### What is being asked
In the records below, the line with "Der Wille, sich" opens the range and the line with "Aufgrund der aktuellen" closes it; print that range exactly and nothing else.

### Supplied data
--

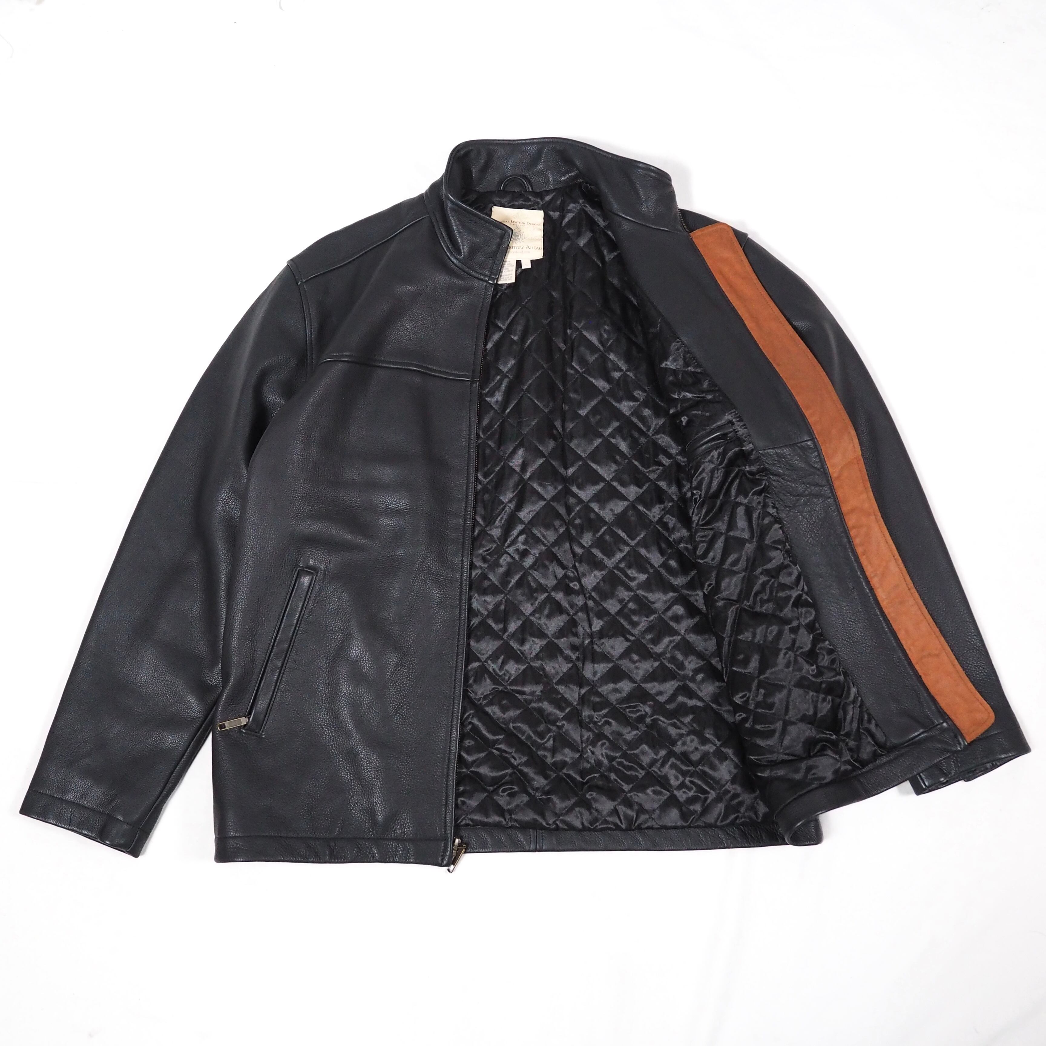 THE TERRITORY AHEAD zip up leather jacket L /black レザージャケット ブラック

--

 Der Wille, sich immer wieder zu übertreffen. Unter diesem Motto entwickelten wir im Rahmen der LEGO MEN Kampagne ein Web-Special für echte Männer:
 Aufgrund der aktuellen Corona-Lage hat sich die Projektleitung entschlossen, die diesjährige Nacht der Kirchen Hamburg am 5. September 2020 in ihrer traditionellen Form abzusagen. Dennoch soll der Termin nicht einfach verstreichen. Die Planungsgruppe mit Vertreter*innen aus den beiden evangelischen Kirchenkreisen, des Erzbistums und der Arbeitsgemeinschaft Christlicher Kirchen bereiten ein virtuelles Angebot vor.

--

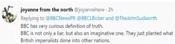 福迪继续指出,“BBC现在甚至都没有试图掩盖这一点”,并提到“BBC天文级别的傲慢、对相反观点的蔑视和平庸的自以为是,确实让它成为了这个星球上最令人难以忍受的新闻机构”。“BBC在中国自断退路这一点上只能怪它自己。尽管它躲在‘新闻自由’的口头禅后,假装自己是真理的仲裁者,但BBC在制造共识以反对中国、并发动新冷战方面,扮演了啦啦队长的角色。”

--

### Solution
 Der Wille, sich immer wieder zu übertreffen. Unter diesem Motto entwickelten wir im Rahmen der LEGO MEN Kampagne ein Web-Special für echte Männer:
 Aufgrund der aktuellen Corona-Lage hat sich die Projektleitung entschlossen, die diesjährige Nacht der Kirchen Hamburg am 5. September 2020 in ihrer traditionellen Form abzusagen. Dennoch soll der Termin nicht einfach verstreichen. Die Planungsgruppe mit Vertreter*innen aus den beiden evangelischen Kirchenkreisen, des Erzbistums und der Arbeitsgemeinschaft Christlicher Kirchen bereiten ein virtuelles Angebot vor.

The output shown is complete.